Saint-Georges said uncertainty between now and election day could affect the US dollar and equity markets, however, Biden’s choice of running mate could assuage market concerns.
“The choice of the younger and well-respected California senator Kamala Harris, rather than a more radical profile would certainly be perceived as reassuring by markets,” he added.
Rob Morgan, Charles Stanley Direct
Rob Morgan, pensions and investment analyst at Charles Stanley Direct, said that without Covid-19 the US presidential election would probably have been the most significant geopolitical event of the year.
“It’s still going to be highly influential, as the two candidates are offering very different economic approaches, which will have different impacts on the stock market as a whole and on individual sectors and companies,” he said.
Biden, said Morgan, offers a significantly different domestic outlook to Trump’s ‘America First’ policies.

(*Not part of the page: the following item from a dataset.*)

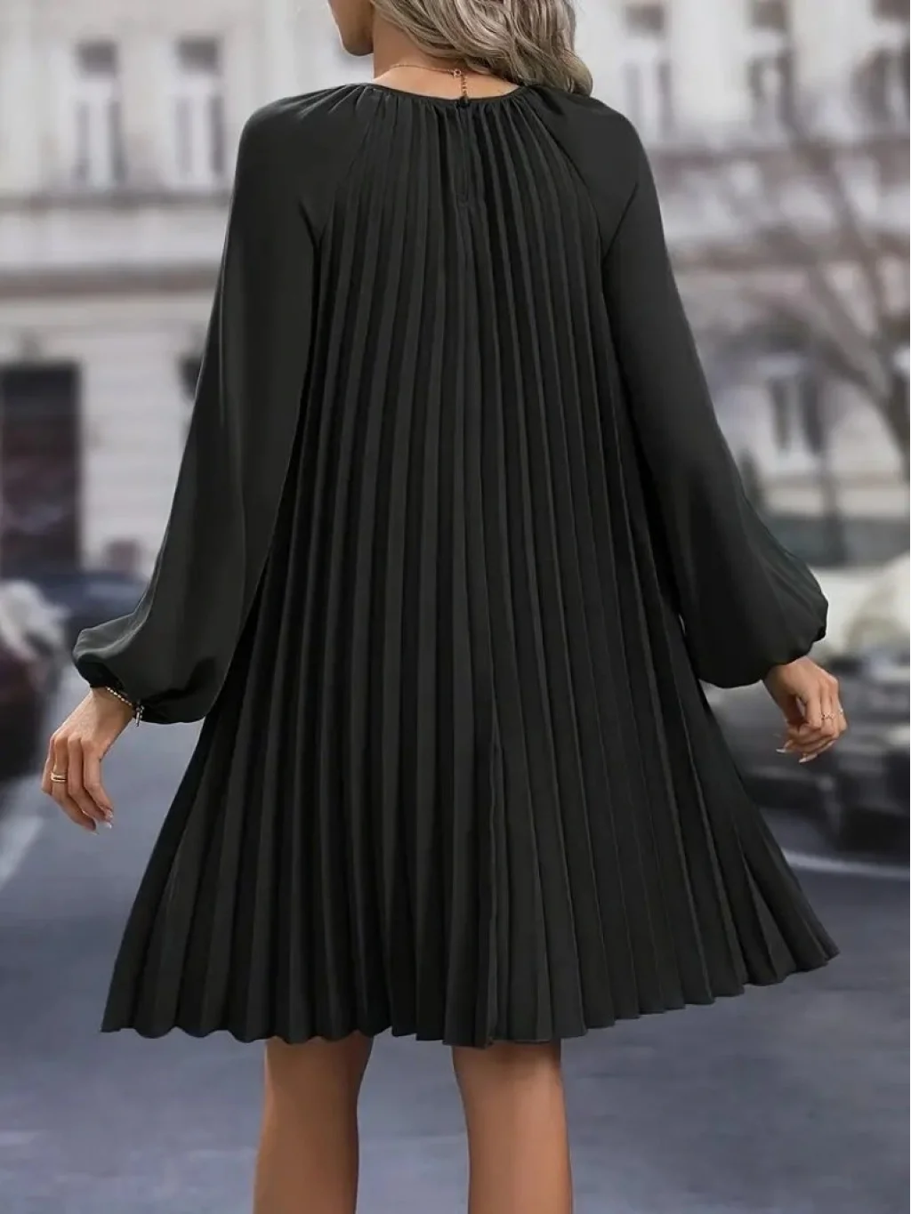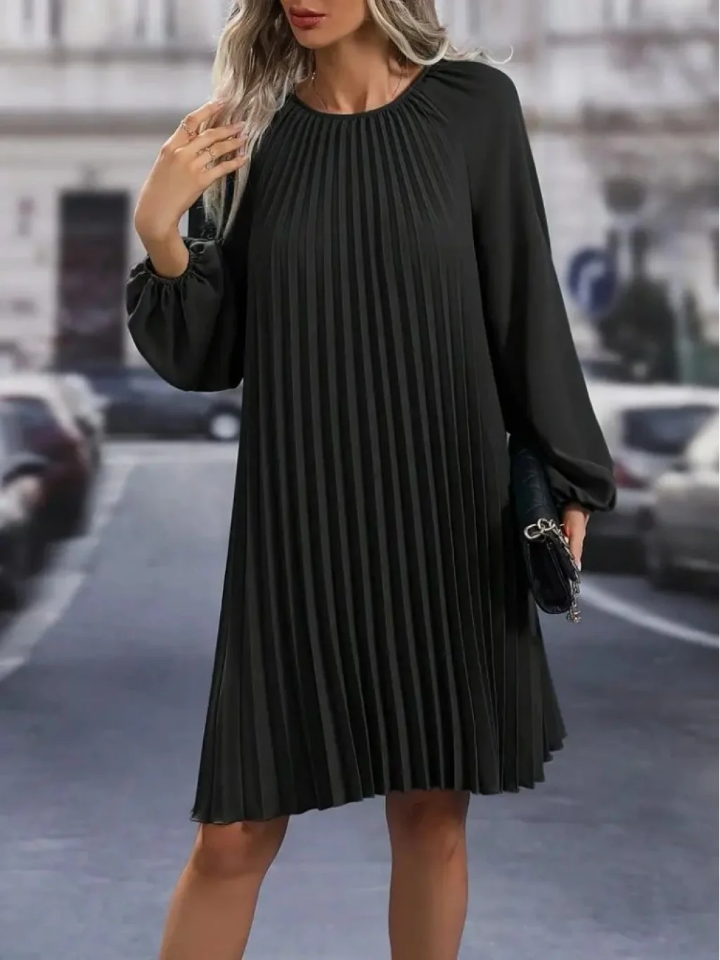 Kadın Uzun Kollu Yuvarlak Yaka Pileli Salaş Mini Ithal Krep Elbise
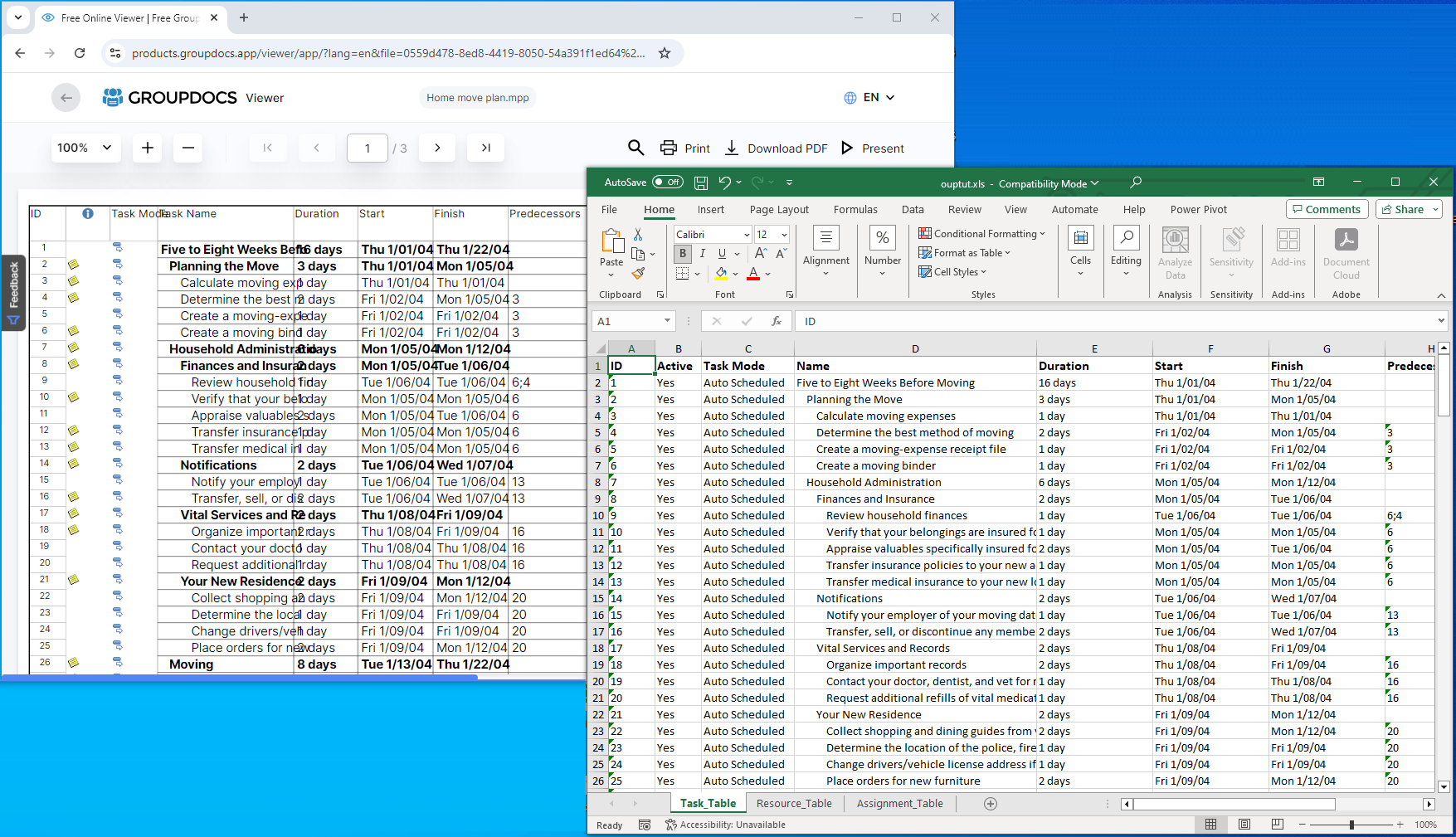- Tệp MS Project đầu vào được sử dụng trong ví dụ trên có thể được tải xuống từ Home move plan.mpp.

This includes tax increases, green policies that will hit the already troubled oil & gas industries and an extension of Obamacare.
The extent of Biden’s tax reform priorities is vast, proposing a $4trn tax rise over the next 10 years, and a massive green energy transformation. He has outlined plans to increase the rate of corporation tax from 21 per cent to 28 per cent and to impose a 12.4 per cent social security tax on incomes over $400,000.
“None of this would be much liked by Wall Street and investors,” said Morgan. “The US stock market advanced strongly under the early months of Trump’s presidency based on the large tax cuts he proposed making company income more valuable for shareholders.”
Undoing a large amount of Trump’s presidency would likely characterise the early years of a Biden presidency, noted the Charles Stanley Direct analyst. He would likely start his presidency by getting the US to re-join the Paris climate Treaty, which means pledging to make the US carbon neutral with 100 per cent clean energy by 2050. This combined with greener automobile and energy efforts would cause considerable impact to numerous industries in and outside the US.
“This is truly radical stuff if carried out, and a major departure from the status quo that will create substantial winners and losers at a corporate level,” said Morgan.
“If the US votes Biden in, it will be a decisive shift in the world approach to fossil fuels, with the US changing from being a proponent, to the leading advocate of their closure.”
This would no doubt dismantle traditional cyclical stocks but may be more suited to a structurally different world post-Covid-19.
“There will be some great opportunities for innovative businesses that can help fulfil Biden’s vision of a greener America,” he concluded.